Yu Yue berjalan ke sisi lain ranjang, meliriknya, “Menunggu pesan penting?”
Dai Heng menatap balik.
Yu Yue mengambil buku hukum dari dalam tas, lalu duduk di sisi tempat tidur, “Dari tadi kamu liatin ponsel terus.”
Dai Heng tersenyum miring.
Karena aku sudah tahu rahasiamu, dan sudah tak sabar ingin memastikan.
Tapi kenapa orang ini lama sekali? Sudah berjam-jam belum juga dapat hasilnya, sampai-sampai aku jadi malas.
Layar WeChat masih belum ada balasan.
Dai Heng memainkan ponselnya sebentar, lalu meletakkan dengan malas, “Ngobrol yuk?”
Yu Yue menunduk, membolak-balik buku, “Ngobrol apa?”
Sebenarnya Dai Heng sendiri pun tidak tahu mau ngobrol apa.
Yang ada di kepalanya sekarang cuma ingin menciumnya.
“Guru Yu, sudah pernah ciuman belum?”
Yu Yue tetap santai, membalik halaman, “Bukannya kamu sudah tahu? Belum.”
“Kenapa belum, nggak suka ya?”
“...”
Yu Yue serius membaca, menjawab sambil lalu, “Nggak ada pasangan, kamu mau lihat orang cium dirinya sendiri?”
Dai Heng mengangkat alis.
Belum sempat bicara, suasana hening itu tiba-tiba dipotong oleh dering ponsel.
Jari Dai Heng berhenti sejenak, lalu meraih ponsel di meja samping dan membuka layarnya.
Setelah beberapa jam, akhirnya pesan yang ditunggu-tunggu itu datang juga.
Jantungnya berdebar kencang.
Walaupun ia yakin dugaannya benar, tetap saja ada sedikit gugup.
Mata Dai Heng menyipit, lalu masuk ke aplikasi WeChat.
Pantas saja lama, hasil penelusuran orang itu memang sangat rinci.
Ia menggulir layar cukup lama hingga menemukan informasi yang dicari.
Saat membaca bagian tertentu di ponsel, Dai Heng menatap layar beberapa detik, kemudian menoleh sambil tertawa kecil, suara napasnya terdengar samar.
Informasinya cukup panjang.
Tinggi badan, nama, nomor identitas, semua tercantum jelas.
Pada bagian status keluarga Yu Yue, tertulis dengan terang: anak tunggal.
Tidak punya saudara.
Bagus, akhirnya jelas.
Ternyata dia sama sekali tidak punya adik perempuan.

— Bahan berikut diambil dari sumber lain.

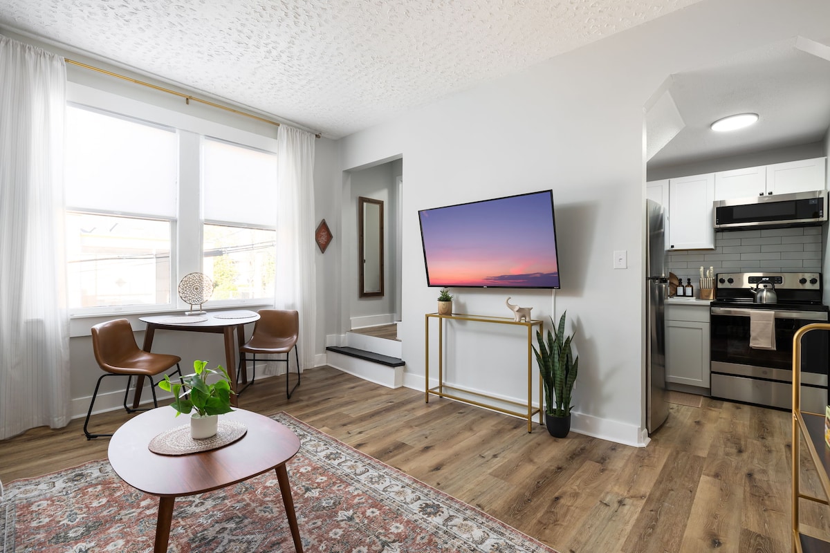 Your downtown getaway awaits at the SUMMIT @ West End! Walk to endless restaurants, bars, shops & entertainment throughout beautiful, downtown Winston! Relax in our fully renovated space, designed with comfort & creativity in mind. Enjoy on-site parking & laundry, deluxe coffee/tea station, premium KING mattress & linens, smart TVs in living room & bedroom, high-speed Wi-Fi & more! 3 min to Millennium Center 5 min to Wake Forest Baptist Health 7 min to LJVM 8 min to Novant Health 8 min to WFU

Dari awal sampai akhir, adik perempuan yang disebut itu hanya karangan saja.
Kota Haicheng.
Xiaoxiao.
Yu Yue, berani-beraninya kamu mempermainkanku.

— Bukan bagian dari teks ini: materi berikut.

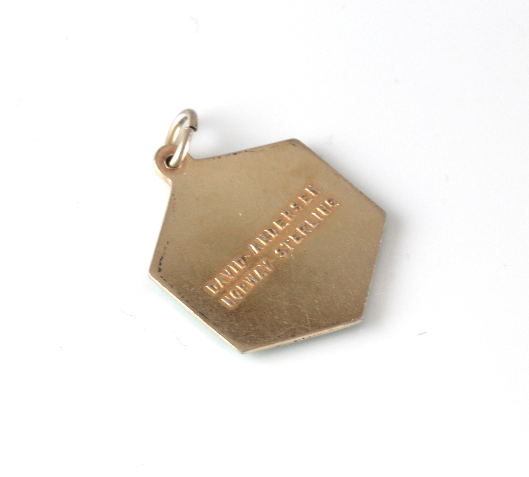 Stjernettegnet krepsen, emaljert anheng produsert av David-Andersen. 2 x 2,4 cm Arkivbilde, disse anhengene har vært produsert i flere tiår, derfor kan feks fargenyanser avvike noe.

Sampai-sampai aku sempat curiga diriku mengidap kepribadian ganda. Bagaimana bisa aku sebodoh ini menyukai dua orang sekaligus, sampai benar-benar percaya pada ucapannya, bahkan tak terpikir untuk mengecek.

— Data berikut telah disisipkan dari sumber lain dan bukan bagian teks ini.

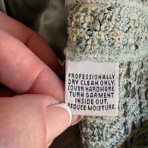 Crafted from a delicate tweed fabric, this St. John Evening cardigan exudes timeless elegance. The soft blue and silver hues shimmer subtly, while the tie closure accentuates the waistline beautifully. Perfectly tailored for sophistication, it’s a versatile piece for layering over ensembles, ensuring a polished and graceful appearance.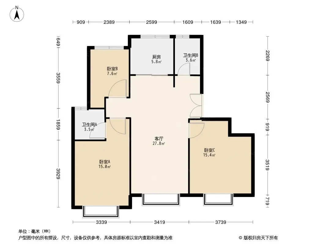 户型齐全,主打客厅朝南,卧室朝南三居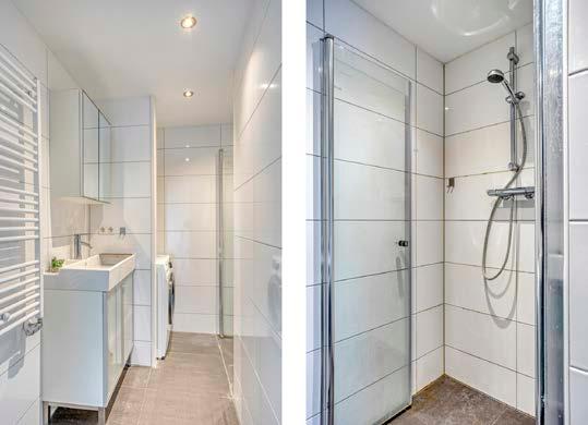 De badkamer is netjes en compact, voorzien van een douche en een wastafel, met daarnaast de aansluiting voor jouw wasmachine. Het toilet is apart, zodat je badkamertijd extra efficiënt benut kan worden – handig als je gasten over de vloer hebt.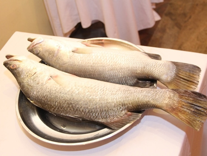 The barramundi, which is also knows as Asian sea bass, is grown in floating cages about 12 miles off the coast of Trincomalee in northeastern Sri Lanka.

Sekarang baru sadar, aku benar-benar bodoh.
Akhirnya semuanya jelas.
Ponsel dilempar ke samping, Dai Heng mengangkat selimut lalu tiba-tiba mendekat.
Gerakannya sangat tiba-tiba.
Yu Yue masih memegang buku hukum, setengah bersandar di kepala ranjang dengan santai, menunduk membaca, kemeja putih menempel di punggung, menciptakan siluet menggoda.
Ia menoleh sedikit, belum menyadari apa yang akan terjadi.
Agar lebih nyaman tidur, Yu Yue tadi meminjam celana pendek olahraga milik Dai Heng, yang sedikit longgar di pinggang, bagian bawah celana menampakkan betis ramping.
Dai Heng mengangkat selimut, matanya otomatis tertuju pada kaki lurus dan kurus itu. Kulit Yu Yue sangat putih, di bawah cahaya lampu tampak berkilau, memberi kesan menggoda.
Yu Yue mengernyit tipis, merasa ada yang aneh, mencoba menghindar, tapi tidak berhasil, “Mau apa?”
Telapak tangan Dai Heng besar, dengan mudah mencengkeram pergelangan kakinya.
Jari-jarinya melengkung, saat menggenggam urat-urat di punggung tangannya menonjol, memberi kesan penuh kendali.
Saat Yu Yue berusaha duduk dan mendorongnya pergi, Dai Heng menahan bahunya dengan satu tangan, suaranya parau dan berat, “Mau ciuman nggak?”